Q: I was wondering if you could provide some information about dealing with our frost. I’m not sure when and how far to cut back the plants that have been affected, specifically my lantana and bougainvillea. Also, how do I know if the plant is a goner?
— Jane McPherson,
West Hills
A: I would not do anything for another month. In the Valley, March 15 is generally considered to be the last day that a frost or a freeze could hit. However, I remember one year when a frost occurred a few days later so, just to be safe, I would wait until the official arrival of spring on March 21 to remove dead growth.
By March 21, barring another freeze before then, you will have seen where new growth is going to occur.
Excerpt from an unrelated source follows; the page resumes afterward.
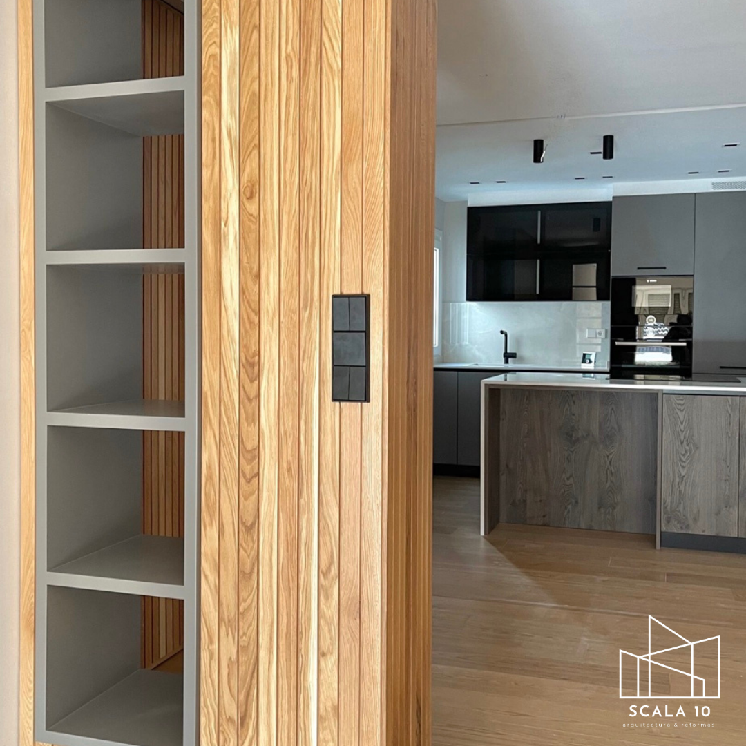 Detalle de pared falsa con madera y espacio de almacenaje en piso reformado de Chamartín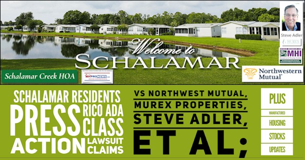 Despite an apparent legal setback, a law firm acting on behalf of manufactured home residents of the 55+ Schalamar Creek manufactured home golf-course resort community is pressing ahead with Racketeer Influenced and Corrupt Organizations (RICO) Act and Americans with Disabilities Act (ADA) class action claims. The targets of the lawsuit are a subsidiary of Northwestern Mutual Life Insurance Company, Murex Properties, Steve Adler, and other co-defendants named in the legal pleadings linked here.

By that time, small green shoots will have sprouted from all viable stems and branches of tropical and subtropical evergreens such as bougainvillea and lantana. Any branches without new growth may then be pruned back. Keep in mind that certain deciduous shrubs and trees, such as crape myrtle, do not leaf out until late spring so do not be alarmed by their lack of new growth.
It often happens that green shoots and leaves will sprout from the lower parts or bases of cold-damaged stems or branches, while the upper parts will not recover. In such cases, cut back to the uppermost new shoots.
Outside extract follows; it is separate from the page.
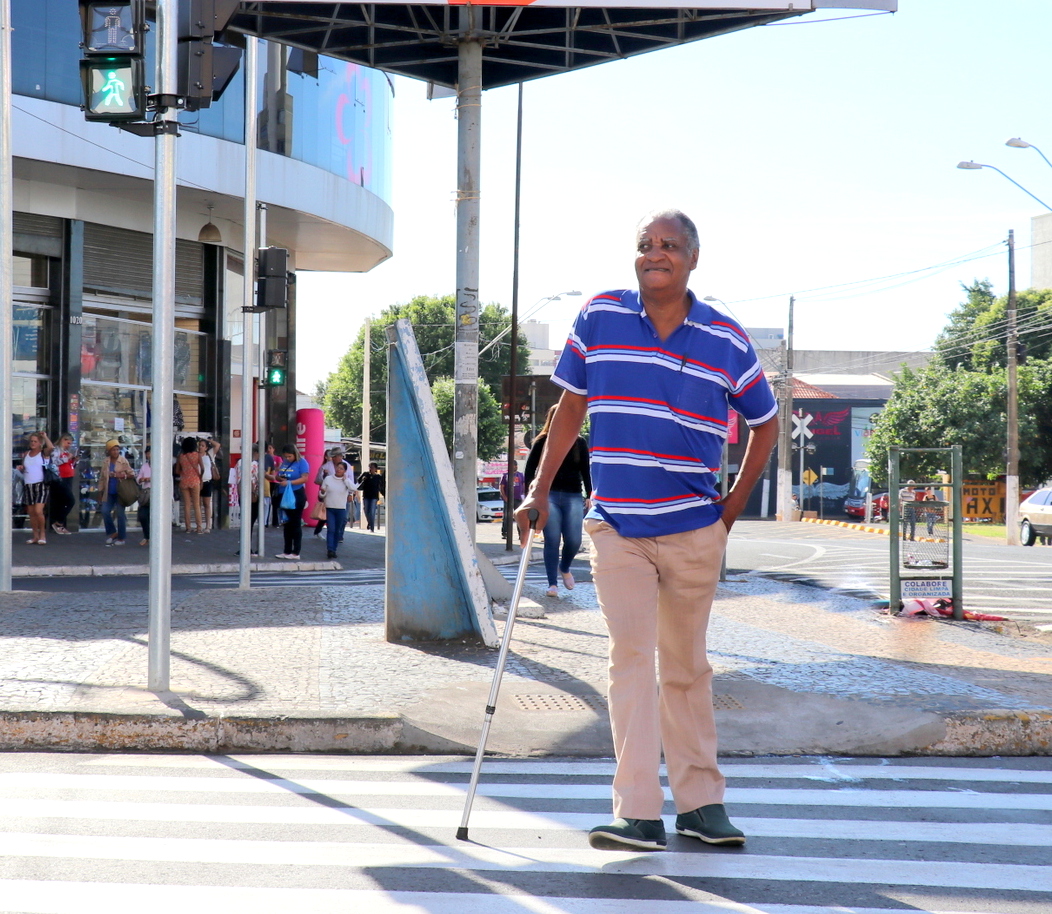 Após sofrer um AVC (Acidente Vascular Cerebral), o aposentado João Cruz de Campos, de 68 anos, passou a ter dificuldade para caminhar. Ele usa uma bengala e caminha lentamente. Para o idoso é um alívio ver sinalizado o cruzamento da rua 9 de Julho com a Tancredo Neves.

Q: I have a very healthy avocado tree about 15 years old. We just finished picking it clean and enjoyed about 50 avocados this year. I would like to do a light pruning and take 8 to 10 inches off the lower branches that have grown over my driveway. However, I heard that avocado trees should not be pruned. Is this true? I would also like to know the best product to use to fertilize my tree.
— Craig Wendel-Smith,
Sunland
A: As a rule, avocado trees should not be pruned, but a very light pruning, once danger of frost is over, should not damage them. Where you have an avocado tree growing in your front or backyard, the only reason to prune is to keep lower branches 6 feet off the ground so that squirrels cannot jump into the tree and munch the fruit. Avocado trees are extremely sensitive to heavy pruning and have a tendency to die back from where saw cuts are made.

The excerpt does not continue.